*Task to complete:*
Would you please transcribe the data in full and exactly, excluding images?

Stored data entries
====

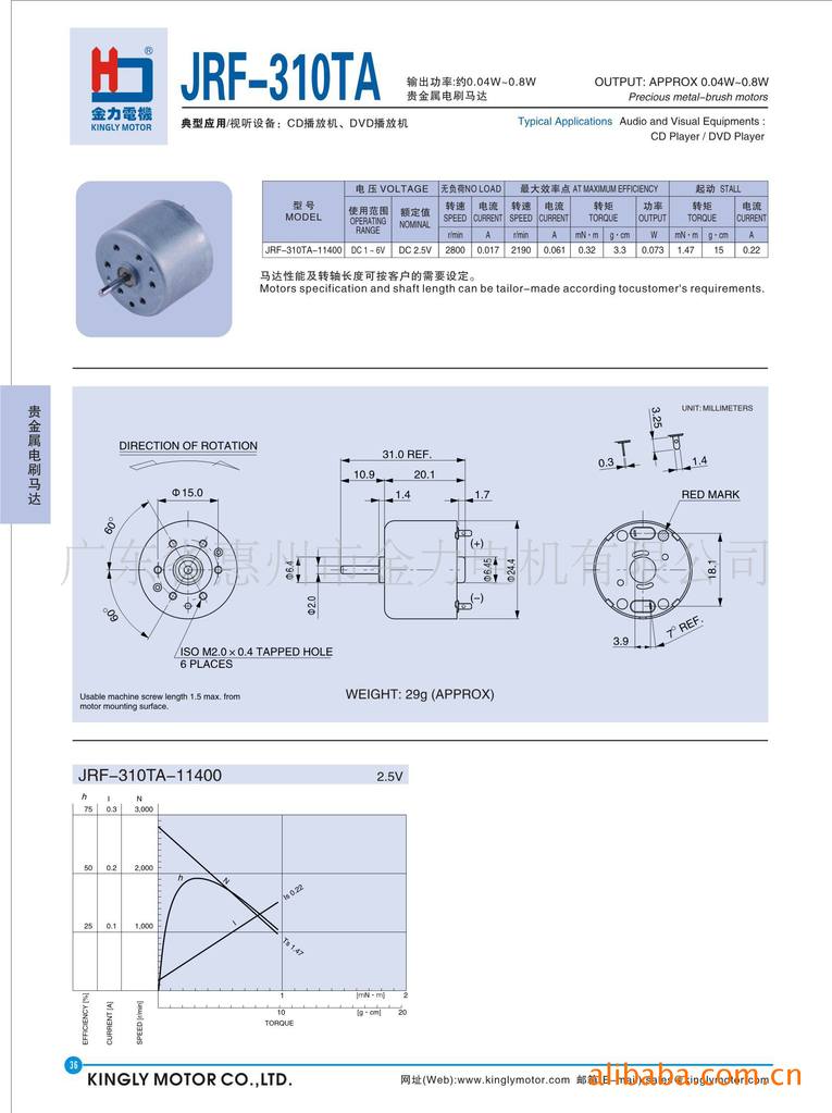| 品牌:金力电机 | 产品类型:有刷直流电动机 | 型号:JL-RF310/320-12400 |
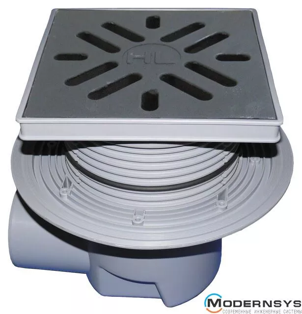 Дворовый трап серии HL Perfekt DN110 горизонтальный с обжимным фланцем 240х240мм (HL615)
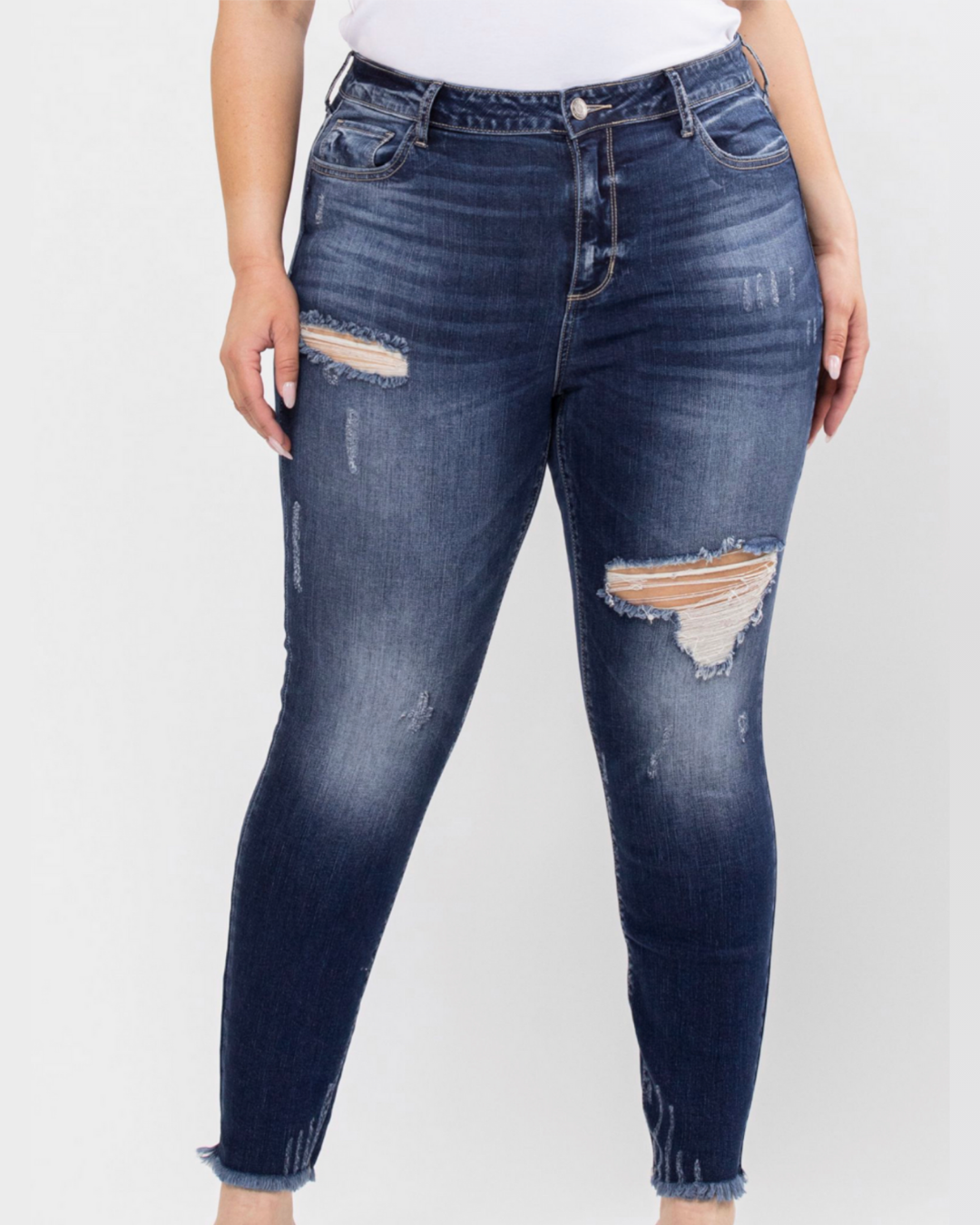 High Rise Distress Crop Skinny - Dark Denim
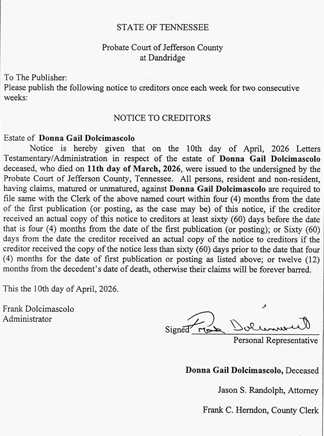 PUBLIC NOTICE – NOTICE TO CREDITORS – ESTATE OF DONNA GAIL DOLCIMASCOLO
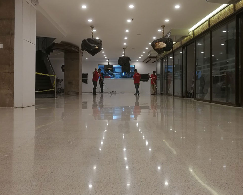 • The restoration of old concrete terrazzo floors, and granite and marble walls and floors.
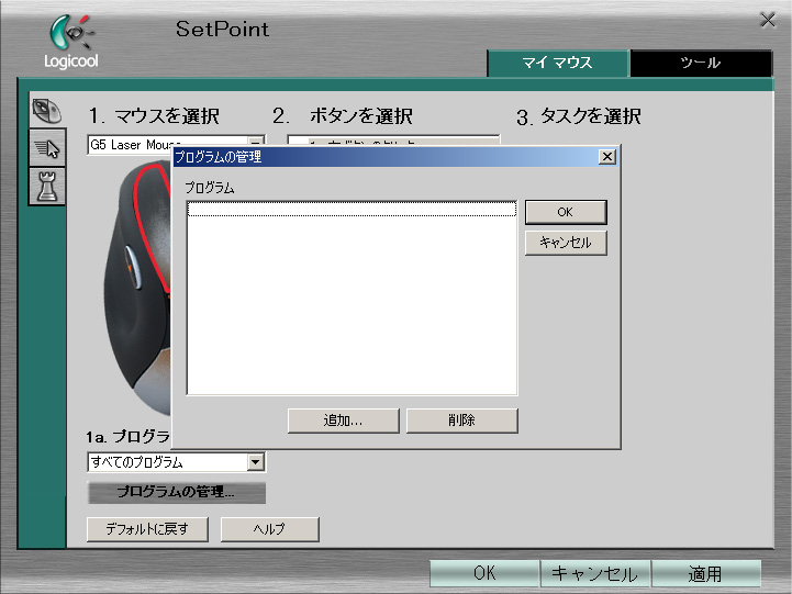 | SetPointのコントロールパネル。基本的なボタンバインドはここで行えるが,左下のプログラムの管理ボタンを押すと,詳細設定が可能になる |
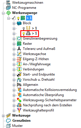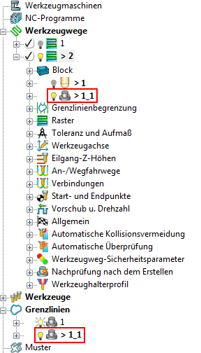 Die Grenzlinie wird nicht mehr im Grenzlinie-Zweig des Explorers angezeigt. Sie wird stattdessen im individuellen Werkzeugweg-Zweig des Explorers angezeigt.
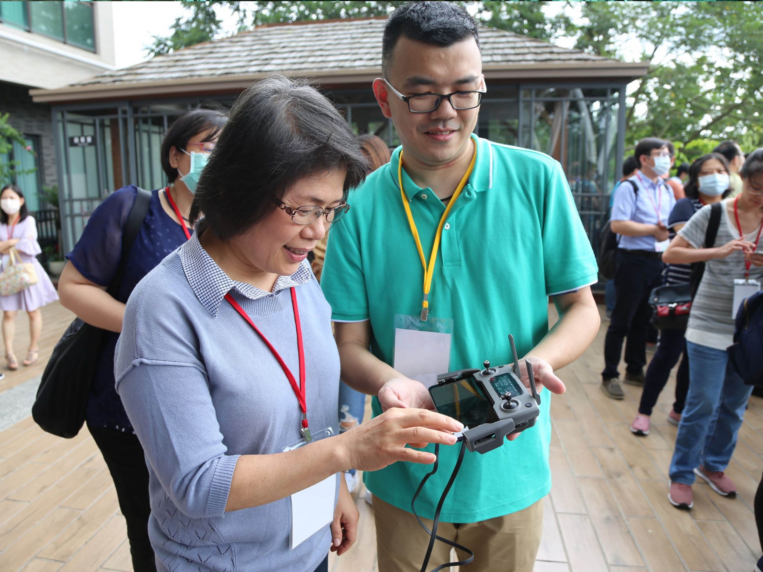 除了學術課程、如何將數據導入科學化分析模組發表會外,財稅局還安排現場飛行展示,由財政部財政資訊中心高級分析師嚴珍親自操作空拍機「一鍵起飛」,全程以「自動飛行、自動拍攝」方式完成稅籍查核任務,再自動回到起飛的地點落地,與會人員目不轉睛的盯著無人機飛行軌跡,並透過FPV螢幕了解空照任務執行過程。

====

*Task result:*
| 品牌:金力电机 | 产品类型:有刷直流电动机 | 型号:JL-RF310/320-12400 |
 Дворовый трап серии HL Perfekt DN110 горизонтальный с обжимным фланцем 240х240мм (HL615)
 High Rise Distress Crop Skinny - Dark Denim
 PUBLIC NOTICE – NOTICE TO CREDITORS – ESTATE OF DONNA GAIL DOLCIMASCOLO
 • The restoration of old concrete terrazzo floors, and granite and marble walls and floors.
 | SetPointのコントロールパネル。基本的なボタンバインドはここで行えるが,左下のプログラムの管理ボタンを押すと,詳細設定が可能になる |
 Die Grenzlinie wird nicht mehr im Grenzlinie-Zweig des Explorers angezeigt. Sie wird stattdessen im individuellen Werkzeugweg-Zweig des Explorers angezeigt.
 除了學術課程、如何將數據導入科學化分析模組發表會外,財稅局還安排現場飛行展示,由財政部財政資訊中心高級分析師嚴珍親自操作空拍機「一鍵起飛」,全程以「自動飛行、自動拍攝」方式完成稅籍查核任務,再自動回到起飛的地點落地,與會人員目不轉睛的盯著無人機飛行軌跡,並透過FPV螢幕了解空照任務執行過程。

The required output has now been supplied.